= Task requirements =
What you output must be the exact lines from the first line of the data through the one holding "Buick LeSabre fourdoor", with no pictures.

[Dataset records Boundary: Start]

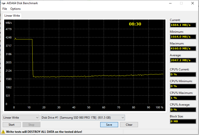При этом собственные характеристики памяти Samsung до сих пор остаются на очень хорошем уровне. Это прекрасно показывают тесты «перезаписи по мусору», то есть второй прогон в той же AIDA64. На деле Micron B47R может и больше — но эта память существует только в виде кристаллов по 512 Гбит, так что для «больше» нужен SSD на 2 ТБ. А 2 ГБ/с для терабайтника — хороший результат. Которого Samsung достиг еще в 2020 году — остальные подтянулись позднее. Но к настоящему моменту подтянулись.
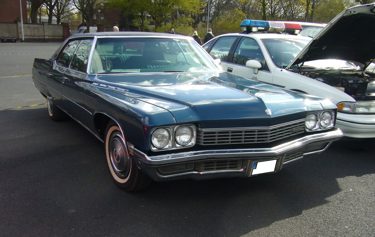 Buick LeSabre fourdoor Sedan aus dem Modelljahr 1972 im Farbton royal blue. Im Modelljahr 1972 war die Modellreihe LeSabre die mittlere Ausstattungsvariante im Programm der GM-Division Buick. Darunter rangierte die Modellreihe Skylark und darüber der Centurion. Als besonders exclusives Modell gab es dann auch noch den Electra 225. Von diesem, viertürigen Modell verkaufte Buick 1972 genau 35295 Fahrzeuge zu einem Preis ab US$ 4041,00. Basismotorisierung war ein V8-Motor mit einem Hubraum von 5824 cm³ und einer Leistung von 183 PS. Gegen aufpreis konnte auch ein V8-Motor mit einem Hubraum von 455 cui (7456 cm³) und einer Leistung von 225 PS bestellt werden. Oldtimertreffen an Mo´s Bikertreff in Krefeld am 10.04.2022.
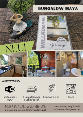 Der Bungalow liegt nur weinige Gehminuten vom Grünewalder Lauch entfernt. Er bietet alles was das Urlauberherz begehrt - eine voll ausgestattete Küche mit Spülmaschine, ein Schlafzimmer mit Doppelbett und Rollo, einen Wohnbereich mit TV und Essecke sowie eine große, überdachte Terrasse.
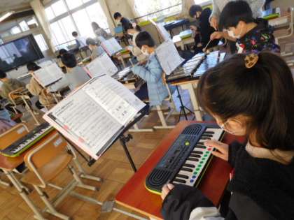2/2(水) 4年生 公開日 2022/02/02 更新日 2022/02/02 4年生 音楽です。「ラ クンパルシータ」の練習の続きです。練習を重ねるごとに演奏も上達しています。思い通りに演奏できるようになってみんな楽しそうです。
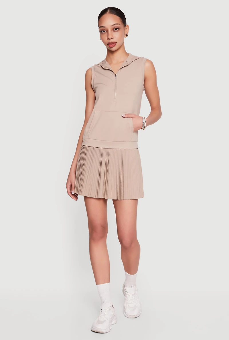 This sleeveless mini dress features a hooded neckline and a half zip front for easy wear. Its classic fit and skater silhouette create a timeless, flattering shape. Designed for casual days, it includes a kangaroo pocket for practical style. Hooded neckline adds sporty appeal and versatility Half zip front allows adjustable coverage and easy on-off Kangaroo pocket combines function with laid-back style Classic fit skater shape flatters a range of body types Model Pictured Wearing Size S Height 5 ft 10 in, Bust 32 in, Waist 22 in, Hips 36 in Fits True To Size Measurements Full Length: 31 in Content and Care Material: SELF: 80% Polyester, 20% Spandex, LINING: 95% Polyester, 5% Spandex Care Instructions: Machine Wash, Tumble Dry Country Of Origin: China Rainbow Item Number 1094060588701 STONE - 1094060588701403
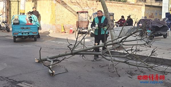 中原经济网驻马店讯 (记者 杨晓 全媒体记者 刘勇伟 通讯员 徐瑗婧)春节临近,驻马店开发区城市管理事务中心紧盯辖区绿化安全,坚持“预防在先、发现即处”。2月13日上午,养护人员在友谊路巡查时发现行道树断枝,从发现到清理完毕用时不到30分钟,及时消除安全隐患,保障市民出行安全。
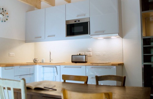 The kitchen is equipped with a stovetop and a refrigerator, as well as a coffee maker, an electric kettle, and a microwave. Bathroom amenities include towels, toilet paper, and soap. Other amenities include a BBQ grill, bed sheets, heating, and change of towels on request.
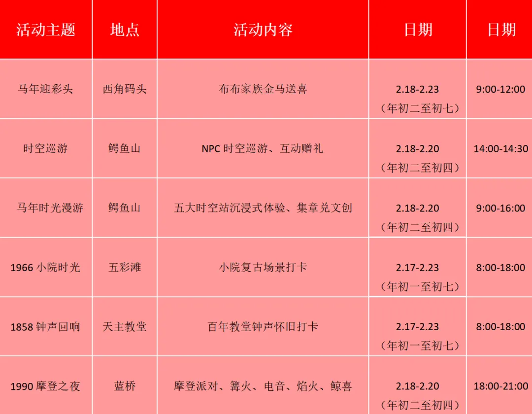⏰活动时间:2.18-23(年初二至初七)9:00-12:00

[Dataset records Boundary: End]

= Result =
При этом собственные характеристики памяти Samsung до сих пор остаются на очень хорошем уровне. Это прекрасно показывают тесты «перезаписи по мусору», то есть второй прогон в той же AIDA64. На деле Micron B47R может и больше — но эта память существует только в виде кристаллов по 512 Гбит, так что для «больше» нужен SSD на 2 ТБ. А 2 ГБ/с для терабайтника — хороший результат. Которого Samsung достиг еще в 2020 году — остальные подтянулись позднее. Но к настоящему моменту подтянулись.
 Buick LeSabre fourdoor Sedan aus dem Modelljahr 1972 im Farbton royal blue. Im Modelljahr 1972 war die Modellreihe LeSabre die mittlere Ausstattungsvariante im Programm der GM-Division Buick. Darunter rangierte die Modellreihe Skylark und darüber der Centurion. Als besonders exclusives Modell gab es dann auch noch den Electra 225. Von diesem, viertürigen Modell verkaufte Buick 1972 genau 35295 Fahrzeuge zu einem Preis ab US$ 4041,00. Basismotorisierung war ein V8-Motor mit einem Hubraum von 5824 cm³ und einer Leistung von 183 PS. Gegen aufpreis konnte auch ein V8-Motor mit einem Hubraum von 455 cui (7456 cm³) und einer Leistung von 225 PS bestellt werden. Oldtimertreffen an Mo´s Bikertreff in Krefeld am 10.04.2022.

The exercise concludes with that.